Design dial · Maintenance margin
Same scenario, one dial — who gets liquidated changes.
Three traders at different leverage, mark drops to 100. How many get liquidated depends entirely on the maintenance-margin-bps you ship with.
Maintenance margin
Traders
Switch the dial — the outcome updates live
Where the runs diverge
The two runs are byte-identical until the block-2 liquidation scan. That single scan is where the dial changes who gets flagged — everything before it is the same.

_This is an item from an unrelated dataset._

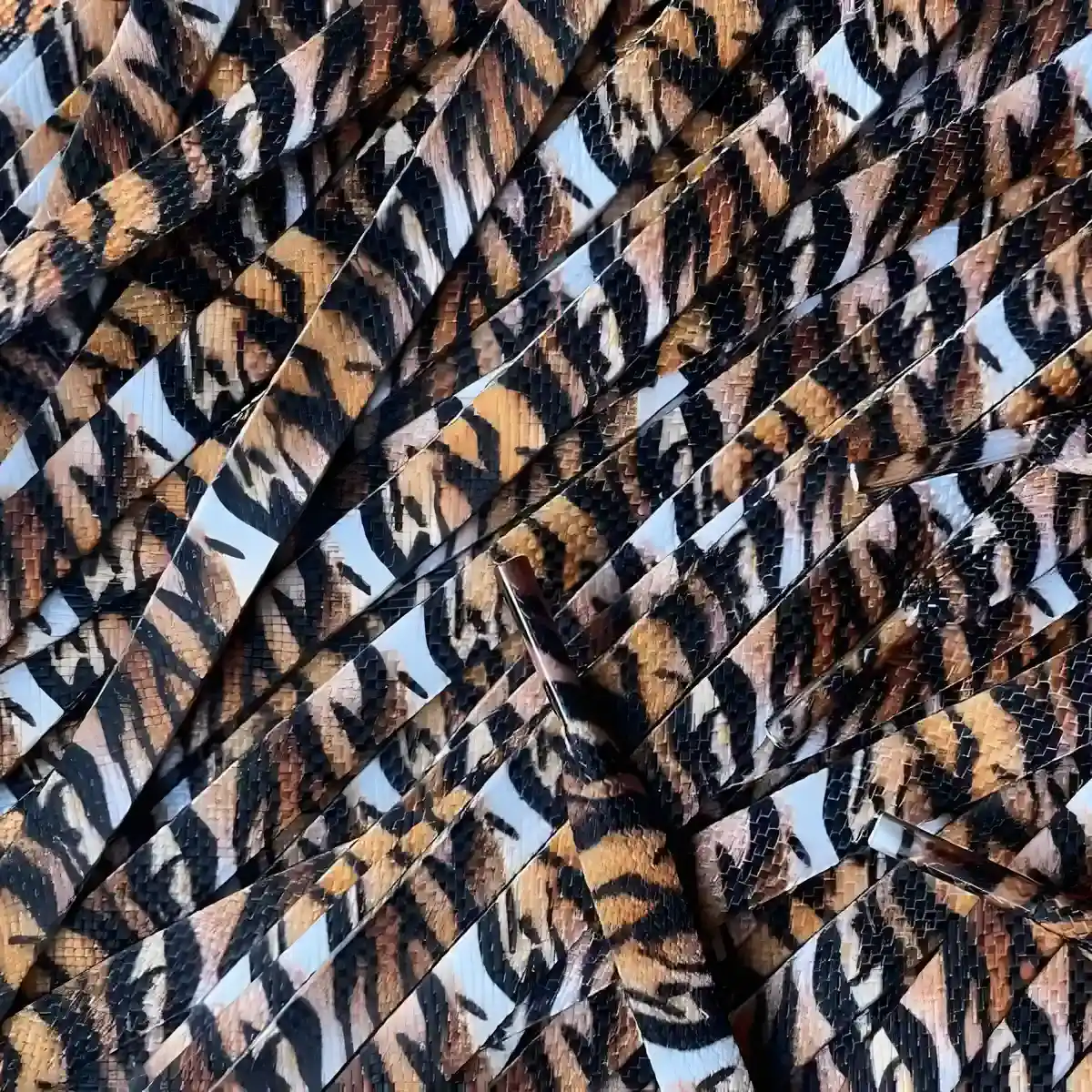 Orange and white tiger laces give your shoes a new look. Orange is a powerful color that radiates energy and creativity. These laces combine style with durability for a unique look. Discover more colors and variations in our collection of print laces.

| Setting | 200 bps | 500 bps | 1000 bps |
|---|---|---|---|
| Flagged at block 2 | 1 · acct 30 | 2 · acct 20, 30 | 2 · acct 20, 30 |
| Account 20 (the swing) | +5 long · coll 60 | flat · coll 3 | flat · coll 3 |
Account 20’s margin sits between the 200 and 500 bps thresholds: healthy under the loose dial, breached under the tight one. Account 30 is always underwater; account 10 never is. So account 20 is the only one the dial can move — which is exactly why the outcome flips 1 → 2 and then stops.
What the dial buys you
Going from 200→500 bps flips a second account (20) into liquidation. Tightening further to 1000 bps changes nothing — account 10 is too over-collateralized to ever breach. The dial has a floor (account 30 is unavoidable) and a ceiling set by who is genuinely solvent.